Tensor decomposition has traditionally suffered from high computational complexi...

verdverm · 2025-01-22T04:59:45 1737521985

My math is rusty, but it looks to have a higher complexity than the original attention. I cannot say if it is an issue. Generally it seems we are willing to spend more computation at training time if it produces better results at inference time. In this case they are reducing the resources needed at inference time (an order of magnitude for the KV cache) or enabling longer sequences given the same resources.

There's another paper I saw yesterday, "Element-wise Attention is All You Need" which looks like an early preprint, written by a solo author with a solo A800, and tested on some smaller problems. If the results hold up for language benchmarks, it could reduce resource requirements during training as well. It looks to have a lower complexity when scaling

https://arxiv.org/abs/2501.05730

davmre · 2025-01-22T08:45:44 1737535544

They're not proposing to apply tensor decomposition to an existing collection of weights. It's an architecture in which the K, V, and Q tensors are constructed as a product of factors. The model works with the factors directly and you just need to compute their product on the forward pass (and adjoints on the backwards pass), so there's no decomposition.

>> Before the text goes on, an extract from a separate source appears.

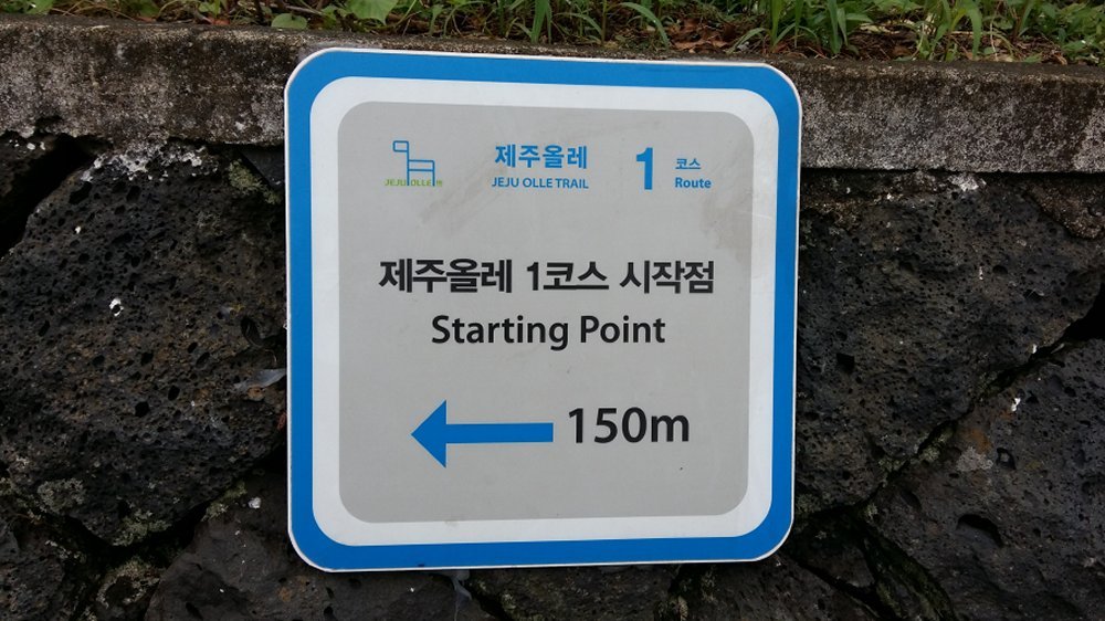 서귀포에서 시작되는 제주올레 제1코스는 총 15.6km로 2개의 오름을 오르며 대부분 해안가를 따라 제주의 바다경치를 볼 수 있는 구간이다. 오전 11시 성산읍에 속한 아담한 [시흥초등학교] 정문을 사진에 담은 뒤 올레지기의 안내를 받아 1코스 초입에 들어서니 일출사(日出寺) 표지석과 올레길 출발상징인 “간세”가 세워져 있다.

absolutelastone · 2025-01-22T05:01:05 1737522065

Looks like it's just a matrix decomposition in the paper. I'm guessing anyway. These attention papers are always a painful mix of mathematical, quasi-mathematical, and information retrieval jargon.

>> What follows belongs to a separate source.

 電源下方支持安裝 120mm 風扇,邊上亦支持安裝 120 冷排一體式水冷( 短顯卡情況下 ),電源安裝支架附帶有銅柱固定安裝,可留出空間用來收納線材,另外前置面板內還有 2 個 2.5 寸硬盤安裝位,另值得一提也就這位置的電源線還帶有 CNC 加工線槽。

There is something in the github repo about higher-order decompositions. Don't find where the method for factoring is given.

verdverm · 2025-01-22T05:04:35 1737522275

I chuckled when I read, in S-3.1

> Specifically, for each token t, with a small abuse of notation, we define:

jamessb · 2025-01-22T10:53:57 1737543237

"Abuse of notation" is a commonly used term: https://en.wikipedia.org/wiki/Abuse_of_notation

dartos · 2025-01-22T05:09:22 1737522562

At a sniff test it would make sense.

Trading computational complexity for space.